Gladstone Gallery’s first exhibition with artist Damián Ortega (New York September 17 – October 31, 2009) is well worth returning to. Beginning his career as a political cartoonist, Ortega teases out the social conflicts embedded in even the most banal objects, according to a gallery biography. In his films, sculptures, and other works he deconstructs the economic and political relationships bound together in commodities ranging from automobiles to tools. The creation of these whimsical new spatial relationships reacts with the viewer to establish a demystified reading of the history of the object leaving only its social significations intact.
In that body of work, Ortega created a series of concrete and brick blocks by pressure sanding them into irregular shapes. Equating the loss of material with both geological erosion and the waste of capital, Ortega conflates the action of creating sculpture with an economics of positive and negative spaces.
In this case, the economic structure is contingent with form and the process of creating sculpture. His use of bricks allow for further pockets of space within the sculpture recalling both the regular geometry of modernist urban planning, but also to osseous tissue like bone which is composed around tiny spaces. In another series of sculpture, Ortega casts ventilation hoses to appear as post-industrial fossils.
These coiled works recall both urban detritus but also the organic coils of insects and worms. In both series of sculptures, Pre-Columbian antecedents mix within the modernist/industrial aesthetics and quasi-organic forms to reconsider the varied anthropological, artistic, and political strains that create urban environments.

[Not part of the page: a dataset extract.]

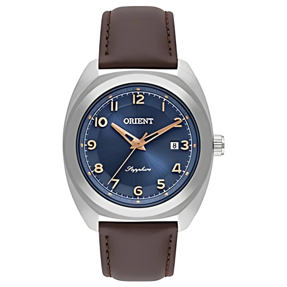 Vidro: SafiraFunções: Analógico, CalendárioResistencia à água: 50 MCaracterísticas: com caixa Aço inoxidável e pulseira Couro Legítimo MarromDiâmetro da caixa: 4,0 cmAlimentação do Maquinário: BateriaMostrador Azul com todos os númerosFundo de PressãoGarantia de 1 ano

Damián Ortega was born in 1967 in Mexico and currently lives and works in Berlin. He has had solo exhibitions at various international venues such as the Museum of Contemporary Art, Los Angeles; Tate Modern, London; Museu da Arte Pampulha, Belo Horizonte, Brazil; Kunsthalle Basel; and Institute of Contemporary Art, Philadelphia; Centre Pompidou, Paris. He has been included in various prominent group exhibitions including the 2003 Venice Biennale, the 4th Berlin Biennial, and the 2006 Sao Paulo Biennial.